1- Tîbî, te'dib maksadıyla dövme  sırasında Allah'tan yardım dilemek kasdıyla ismi anıldığı takdirde Allah'ı tazimen dövmeyi bırakmak gerektiğini, ancak hadd cezası tatbik edilirken, Allah'a sığınacak olursa dinlememek gerektiğini söyler.

2- Kritik durumlarda Allah'ın adına müracaat etmek, Kur'ânî bir irşaddır. Binaenaleyh, mü'min kişi sıkışık anlarında O'na başvurduğu gibi, kendisine karşı başvurulduğu takdirde, onun hakkını vermeli, Allah'a tazimen isteneni yerine getirmeli, davranışından vazgeçmelidir. Âyet şöyle:   

"Ey insanlar, sizi bir tek nefisten yaratan, ondan eşini var  eden ve ikisinden pek çok erkek ve kadın meydana getiren Rabbinize hürmetsizlikten sakının. Kendisi adına birbirinizden dilekte bulunduğunuz Allah'ın ve akrabanın haklarına riayetsizlikten de sakının" (Nisa 1).[2]

 

ـ4157 ـ2ـ وعن معاوية بن سويد بن مقرن قال: ]لَطَمْتُ مَوْلىً لَنَا فَهَربْتُ، ثُمَّ جِئْتُ قُبَيْلَ الظُّهْرِ فَصَلَّيْتُ خَلْفَ أبِي. فَدَعَاهُ وَدَعَانِي، ثُمَّ قَالَ لِلْخَادَم: اُمْثُلْ مِنْهُ، فَعَفَا. ثُمَّ قَالَ: كُنَّا بَنِي مُقَرِّنٍ عَلى عَهْدِ

رَسُولِ اللّهِ #. لَيْسَ لَنَا خَادِمٌ إَّ وَاحِدَةٌ فَلَطَمَهَا أحَدُنَا. فَبَلَغَ ذلِكَ رَسولَ اللّهِ # فقَالَ: أعْتِقُوهَا، فَقىلَ لَهُ: لَيْسَ لَهُمْ خَادِمٌ غَيْرُهَا قَالَ: فَلْيَسْتَخْدِمُوهَا فَإذَا اسْتَغْنَوْا عَنْهَا فَلْيُخَلُّوا سَبِيلَهَا[. أخرجه مسلم وأبو داود والترمذي.ومعنى »امْثُلْ مِنْهُ« اقتصّ مثل ما فعل بك.و»الخَادِمُ« الذى يخدمك ذكراً كان أو أنثى .

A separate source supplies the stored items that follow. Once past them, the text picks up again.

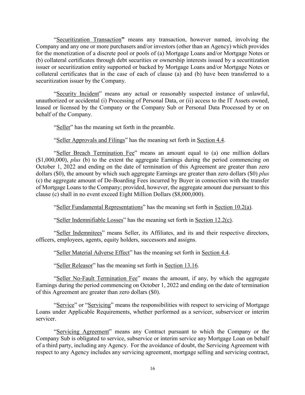 16 “Securitization Transaction” means any transaction, however named, involving the Company and any one or more purchasers and/or investors (other than an Agency) which provides for the monetization of a discrete pool or pools of (a) Mortgage Loans and/or Mortgage Notes or (b) collateral certificates through debt securities or ownership interests issued by a securitization issuer or securitization entity supported or backed by Mortgage Loans and/or Mortgage Notes or collateral certificates that in the case of each of clause (a) and (b) have been transferred to a securitization issuer by the Company. “Security Incident” means any actual or reasonably suspected instance of unlawful, unauthorized or accidental (i) Processing of Personal Data, or (ii) access to the IT Assets owned, leased or licensed by the Company or the Company Sub or Personal Data Processed by or on behalf of the Company. “Seller” has the meaning set forth in the preamble. “Seller Approvals and Filings” has the meaning set forth in Section 4.4. “Seller Breach Termination Fee” means an amount equal to (a) one million dollars ($1,000,000), plus (b) to the extent the aggregate Earnings during the period commencing on October 1, 2022 and ending on the date of termination of this Agreement are greater than zero dollars ($0), the amount by which such aggregate Earnings are greater than zero dollars ($0) plus (c) the aggregate amount of De-Boarding Fees incurred by Buyer in connection with the transfer of Mortgage Loans to the Company; provided, however, the aggregate amount due pursuant to this clause (c) shall in no event exceed Eight Million Dollars ($8,000,000). “Seller Fundamental Representations” has the meaning set forth in Section 10.2(a). “Seller Indemnifiable Losses” has the meaning set forth in Section 12.2(c). “Seller Indemnitees” means Seller, its Affiliates, and its and their respective directors, officers, employees, agents, equity holders, successors and assigns. “Seller Material Adverse Effect” has the meaning set forth in Section 4.4. “Seller Releasor” has the meaning set forth in Section 13.16. “Seller No-Fault Termination Fee” means the amount, if any, by which the aggregate Earnings during the period commencing on October 1, 2022 and ending on the date of termination of this Agreement are greater than zero dollars ($0). “Service” or “Servicing” means the responsibilities with respect to servicing of Mortgage Loans under Applicable Requirements, whether performed as a servicer, subservicer or interim servicer. “Servicing Agreement” means any Contract pursuant to which the Company or the Company Sub is obligated to service, subservice or interim service any Mortgage Loan on behalf of a third party, including any Agency. For the avoidance of doubt, the Servicing Agreement with respect to any Agency includes any servicing agreement, mortgage selling and servicing contract,
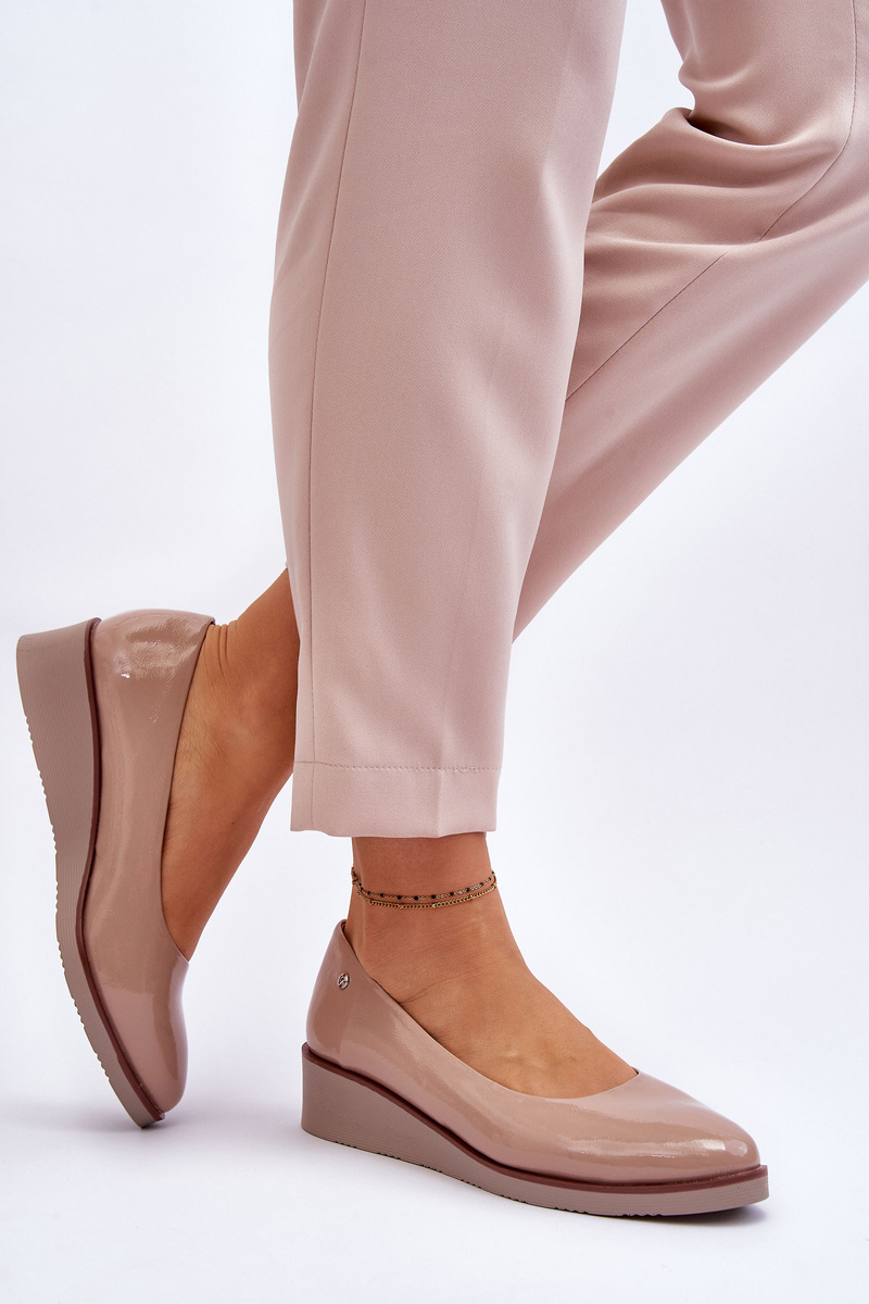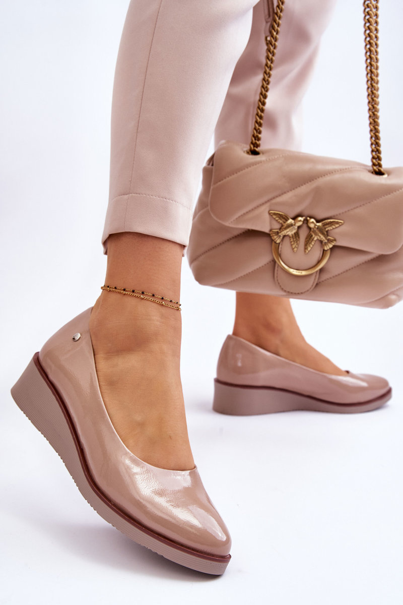 Czółenka Klasyczne Lakier Koturn Beżowe Paola
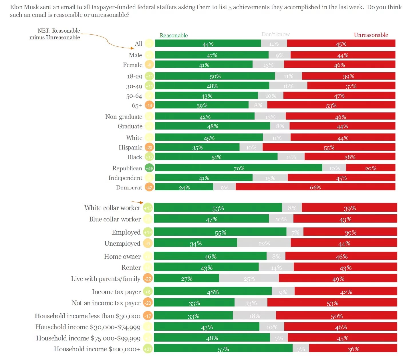 A poll published by J.L. Partners on Wednesday found that 55% of workers would describe the “five things” email that Musk and DOGE sent federal employees earlier this month as “reasonable,” while 39% would call it “unreasonable.”
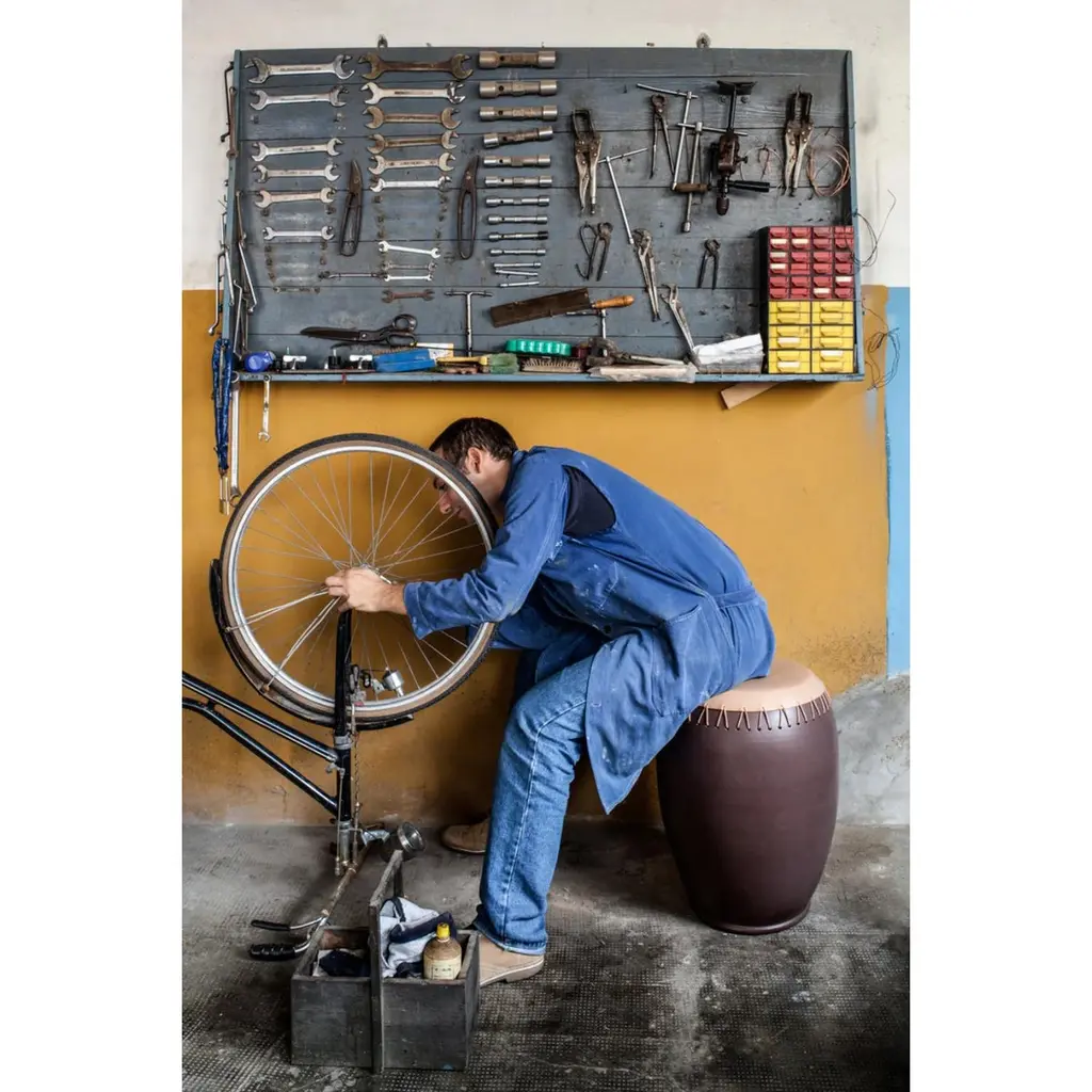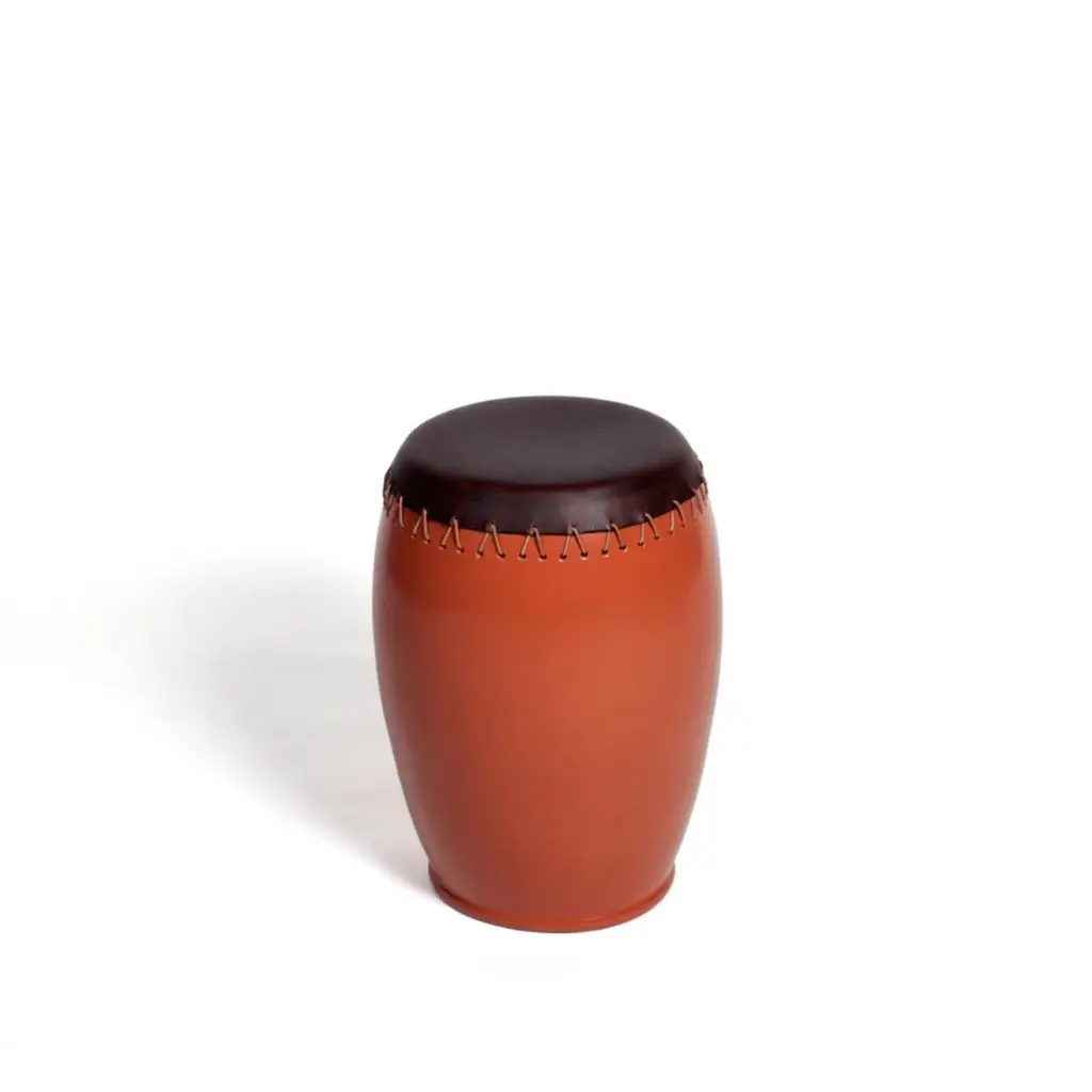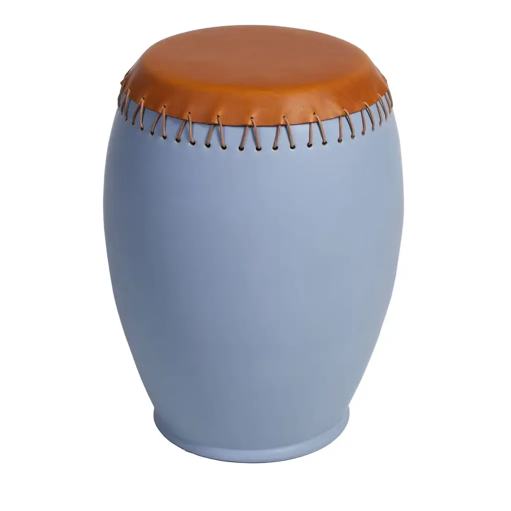 Bombo 2 Coffee Table & Stool in Enamelled Stoneware & Leather by Oscar MascheraDimensions: Ø 40 x H 55 cm.Materials: Leather and fabric.Available in different size options. Prices and dimensions may vary. Please contact us.Our work is research: we give our fantasy free rein when experimenting and manipulating an object in leather.The researcher proceeds and invents. Given a road, it goes all the way along it, back and forth, and then begins to visit its surroundings. It is the same for us. We explore the leather: creating corners, cutting edges, and joining the parts. Every object is an invention, because it is a stage in the research, and never the endpoint of the production.Like footprints in the sand, our objects represent a story made up of different chapters. Every element of this story, every collection, has its own independent life. Foglia Couture, Caballito Blanco, Miroirs et Tapis, Bombo, Stecco, Isole, Pouf!, Caballito Blanco#Blanco. Every name in this sequence is a step, a track, a memory.But what better expresses the idea of our project is the whole set of collections, the direction that they all take as one, like a slipstream along the coast.Inventing as a job is first and foremost a pleasure. Combining the materials, folding the lines, choosing the colours, modelling, and constructing. And above all, simplifying, letting the objects be free to invent a new space, observing how they come to modify what they are next to: a room, a place, the everyday routine.Imagination creates a horizon. The designs are sensed in an ideal world. The next step, the one that allows you to see the images composed in the objects, is the heart of our work. Experience concretizes what is initially imagined, and all our production represents this operation.

2. (4157)- Muâviye İbnu Süveyd İbni Mukarrin anlatıyor: "Bizim bir âzadlımıza bir tokat attım ve kaçtım. Sonra öğleden az önce döndüm, babamın arkasında namaz kıldım. Babam âzadlıyı da beni de çağırdı. Sonra hizmetçiye: "Misilleme (onun sana yaptığının mislini) yap!" dedi. Hizmetçi affetti. Bunun üzerine babam anlattı: "Biz Benî Mukarrin, Resulullah (aleyhissalâtu vesselâm) zamanında tek bir hizmetciye sahiptik. Ona birimiz bir tokat vurdu. Bu hadise Aleyhissalâtu vesselâm'ın kulağına ulaşmıştı: "Onu âzad edeceksiniz!" emir buyurdular. Kendisine: "Ondan başka hizmetçileri yok!" dendi. Bunun üzerine: "Öyleyse onu hizmetlensinler. Ancak ne zamandan ondan müstağni olurlarsa, derhal yol versinler!" buyurdular." [Müslim, Eymân 31, (1658); Tirmizî, Nüzûr 14, (1542); Ebu Dâvud, Edeb 133, (5166, 5167).][3]

 

AÇIKLAMA:

 

1- Bu hadis, hizmetçi ve kölelere iyi muameleyi, gönül alıcı davranmayı emretmektedir. Hadiste geçen  "misilleme  yap" cümlesini bazı âlimler "kısas olarak sana yapılanın aynını yap" diye açıklamışlardır. Ancak buradaki kısas şerî kısas değildir. Çünkü, kısas hudûd'a giren ağır suçlarda muteberdir. Halbuki atılan bir tokat, şerî kısas olmaz. Bu çeşit cezalar tâzirdir. Öyleyse "misilleme  yap" emri hizmetçinin gönlünü almaya râcidir, vecibe değildir. Ayrıca tokat vurana da bir derstir.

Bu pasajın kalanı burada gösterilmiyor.